◆ **ASSIGNED TASK**: Each line of the data should be given again exactly.

◆ **RECORDED DATA**:

+++

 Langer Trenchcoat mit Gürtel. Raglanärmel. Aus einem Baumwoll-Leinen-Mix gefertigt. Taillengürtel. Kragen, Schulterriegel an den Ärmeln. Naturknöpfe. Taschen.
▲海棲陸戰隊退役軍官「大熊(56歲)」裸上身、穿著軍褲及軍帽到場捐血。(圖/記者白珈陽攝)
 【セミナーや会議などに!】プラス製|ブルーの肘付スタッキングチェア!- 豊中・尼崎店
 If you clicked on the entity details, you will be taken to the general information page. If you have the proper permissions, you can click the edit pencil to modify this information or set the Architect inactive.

+++

◆ **PROBLEM SOLUTION**:
 Langer Trenchcoat mit Gürtel. Raglanärmel. Aus einem Baumwoll-Leinen-Mix gefertigt. Taillengürtel. Kragen, Schulterriegel an den Ärmeln. Naturknöpfe. Taschen.
▲海棲陸戰隊退役軍官「大熊(56歲)」裸上身、穿著軍褲及軍帽到場捐血。(圖/記者白珈陽攝)
 【セミナーや会議などに!】プラス製|ブルーの肘付スタッキングチェア!- 豊中・尼崎店
 If you clicked on the entity details, you will be taken to the general information page. If you have the proper permissions, you can click the edit pencil to modify this information or set the Architect inactive.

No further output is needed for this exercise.